My goal in this series of posts is to give you some strategies for thinking about how to make data-driven decisions to improve the member experience. In addition, to explain what key elements you’ll need to get clear visibility and insights into member interactions that you can act on.
When we’re talking about technology trends, one of the most commonly overlooked parts of the post-pandemic era is the user migration to digital channels.
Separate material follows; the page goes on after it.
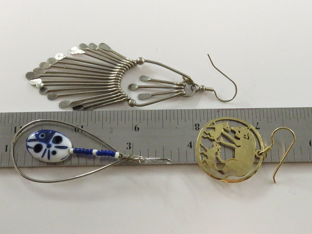 Grouping of 3 Pairs Costume Earrings Ear Wire Chandelier Wild Bryde Artisan Boho

Digital interactions are so much simpler, convenient, and more efficient for getting things done than the ways we were used to. Each credit union is at a different stage in its digital transformation journey and varies by demography and the needs of its members. Some credit unions are only looking at automating the voice channel alone — to reduce call waiting times without adding additional workforce. Others are looking at the member experience holistically — refreshing the entire communication stack by upgrading the phone system, or adding newer channels such as text, chat, voice and video, and deploying AI automation over these channels for efficiency.
Available digitally, at your fingertips, is nothing short a goldmine of intelligence, through your member interactions. This includes undiscovered service improvement opportunities, compliance risk, performance improvements, and sales opportunities.
What is Conversation Intelligence for a Credit Union?
Conversation intelligence — for a credit union — is the process of analyzing member interactions with credit union staff or virtual agents to improve member experience and agent performance. Conversation intelligence can also provide agents with real-time guidance and support during interactions. This is achieved through the use of advanced AI, natural language processing (NLP), machine learning algorithms, and other technologies to integrate with phone systems, if required.
For example, when a member interacts with a virtual agent (bot) or a live agent, there’s a lot of data that can be gathered. Let’s analyze this interaction.
Virtual Agent: “Good morning, I’m Elpy. Welcome to My Credit Union. I’m your digital assistant. How can I help you today?”
Member: “Hi, I’m looking for a home loan.”
Virtual Agent: “Congratulations on your new home! Can I send you a link to the loan application?”
Member: “Sure, but before that, I’d like to know what type of loans and rates are available. I called First Federal Credit Union and they say their rates are 4.5% APR for a 30-year fixed.”
Virtual Agent: “Can I connect you to a loan officer who can explain the loan options?”
Member: “I don’t have time to speak to a loan officer. I just needed quick information on the loan rates. I’ll call back later.”
Member: <hangs up the call>
In this example, there are spoken and unspoken signals that can be extracted. Clearly, the member showed an intent to buy a home loan. The topic of the interaction was about a home loan. Her conversation was more of a question and inquiry. She mentioned a competitor’s name, First Federal Credit Union, which implies her urgency. She shows a negative sentiment when she can’t get a direct answer to her question on the type of loan and the rates instantly on her request.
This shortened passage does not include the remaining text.